NEW YORK — Amazon has long acted like an ideal customer on its own website: a freewheeling big spender with no worries about balancing a checkbook. Investors confident in founder and CEO Jeff Bezos’ invest-and-expand strategy flooded into the stock as the company revolutionized shopping, upended the book industry and took on the cloud — even though its vast range of initiatives ate up all the company’s profits.

After all, when Amazon.com filed for its IPO 17 years ago, it was very clear: the company would post losses for the “foreseeable future” while it invested in the business to drive bigger and bigger sales. Stockholders seemed to like playing Bezos’ long game: shares more than quadrupled between 2010 and 2014 to more than $400 apiece.

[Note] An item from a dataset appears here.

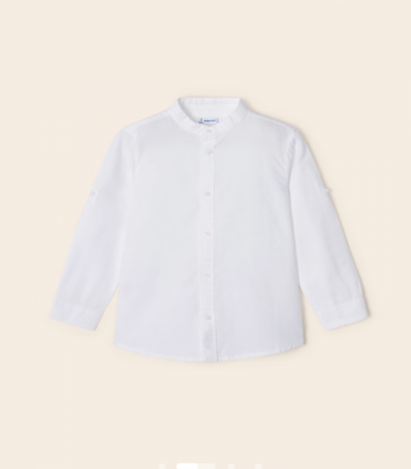 Camisa de manga larga con cuello mao en lino para niño 3167 Blanco

Lately, they’ve lost a little patience.

After the Seattle company on Thursday reported a huge third-quarter loss and issued a disappointing holiday forecast, the stock sold off by nearly 10 percent. It’s now lost 28 percent of its value since the beginning of the year, closing at $287.06 Friday.

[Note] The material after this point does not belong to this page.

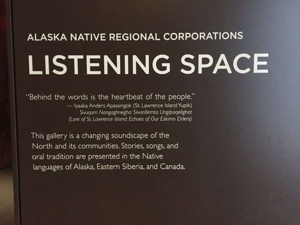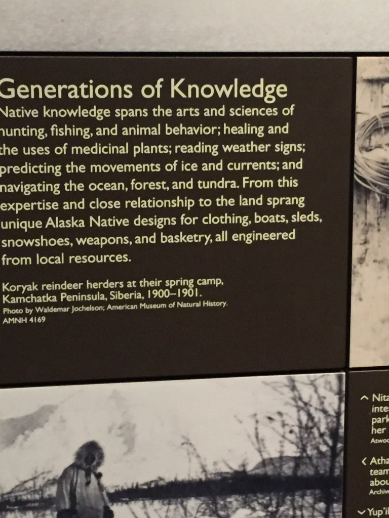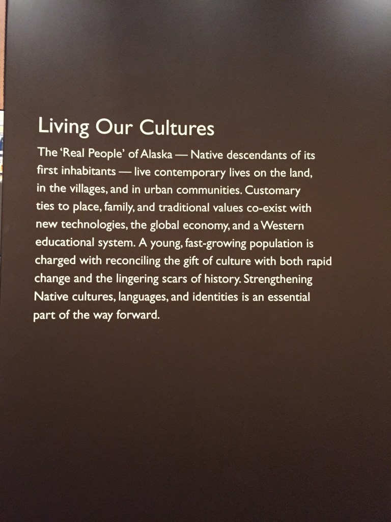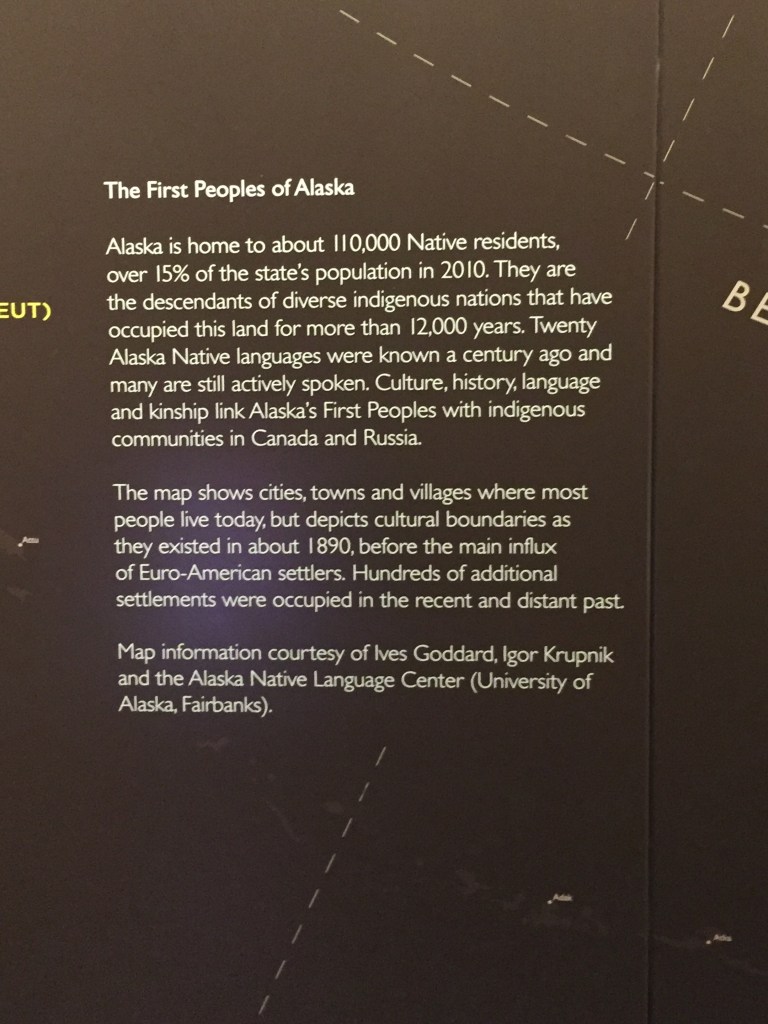 The Anchorage Museum is a fascinating exploration of the many facets of history, daily life and the rich cultural history of the First Nations People that have helped to shape this part of the world. There are art collections, interactive exhibits and the exploration of themes such as the environment and the effects of climate change. We lost ourselves there for a few hours – below is a visual tour, which is the best way to illustrate a small selection of the available exhibits. Please excuse the poor quality of some photos – the challenges of being indoors with tricky lighting!

Daniel Morgan, a Synovus Trust portfolio manager, invests in Amazon. He has no current plans to sell, but he knows Wall Street investors and analysts “tend to have very little patience; they don’t really want to hear a long-term story.”

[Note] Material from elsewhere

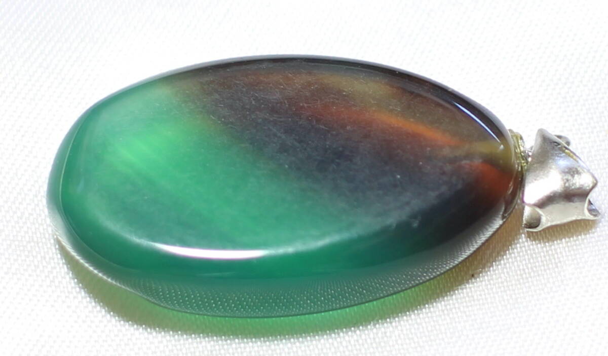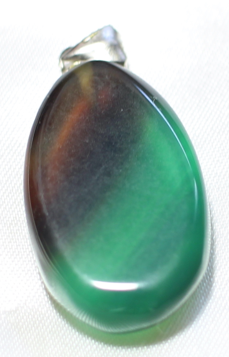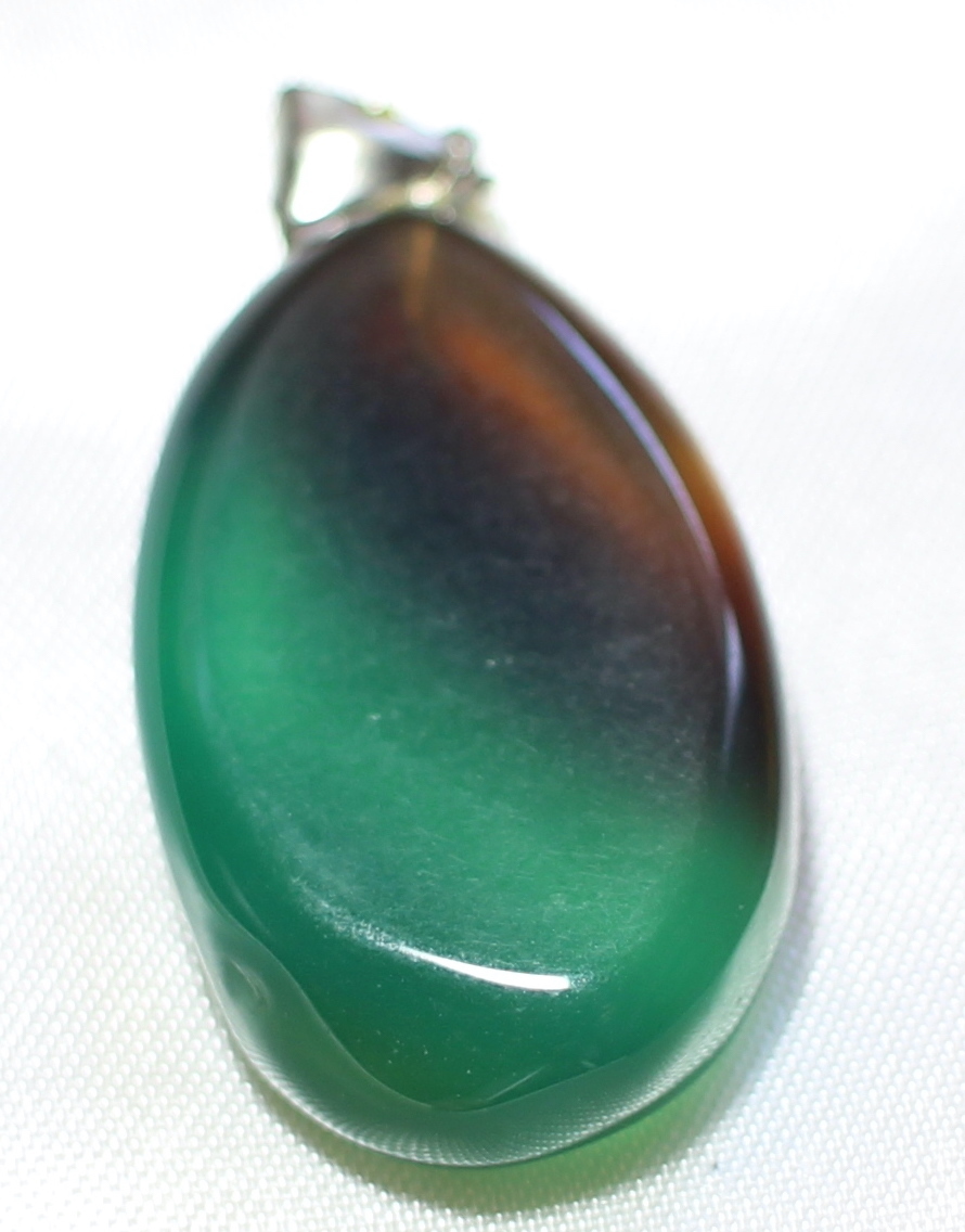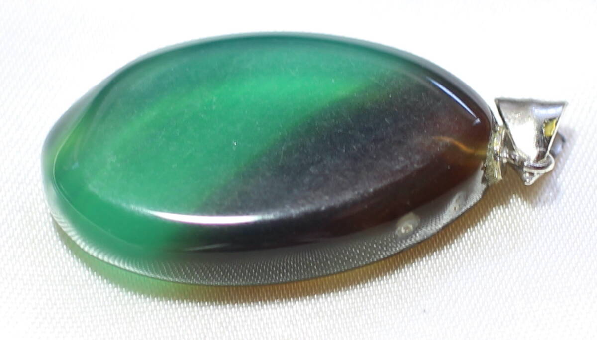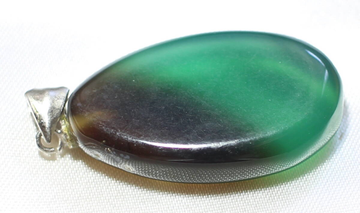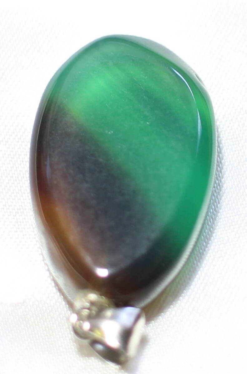 このグリーンクォーツのペンダントトップは、滑らかに磨かれており透明感があります。内部のグラデーション模様も見ることが出来ます。瑪瑙は色合いと模様でお選びください。

What they want are answers. Particularly when there’s now another e-commerce powerhouse to invest in: Chinese e-commerce player Alibaba, which went public in September in a $25 billion initial public offering, the largest ever.

“Frankly, we believe it’s impossible to predict Amazon’s profitability during this prolonged ‘investment cycle,’ but profit metrics are clearly moving in the wrong direction and it’s a fair question to ask, does Amazon have too many ‘balls in the air’?” said Wells Fargo analyst Matt Nemer.

“We certainly have been in several years now of what I will call in investment mode,” he said on the call. “There’s still lots of opportunity in front of us but we know that we have to be very selective about which opportunities we pursue.”

For years, Amazon’s strategy has been spending the money it makes to grow and expand into new areas. It launched a smartphone, the Fire, this summer and has been offering a set-top video-streaming device, a streaming video service and several tablets and e-book readers. The company has also been investing in services for its $99-a-year loyalty program, Prime. It has added a grocery delivery services and music streaming for Prime members as well as offering original TV shows.

But all of those initiatives cost money and time to develop. And not all of them have been hits.

“The market was looking for more in terms of revenue and operating income and the fourth-quarter outlook,” said Morningstar analyst R.J. Hottovy. “It’s going to be a competitive landscape for retailers this holiday season and retailers will compete aggressively for consumers.”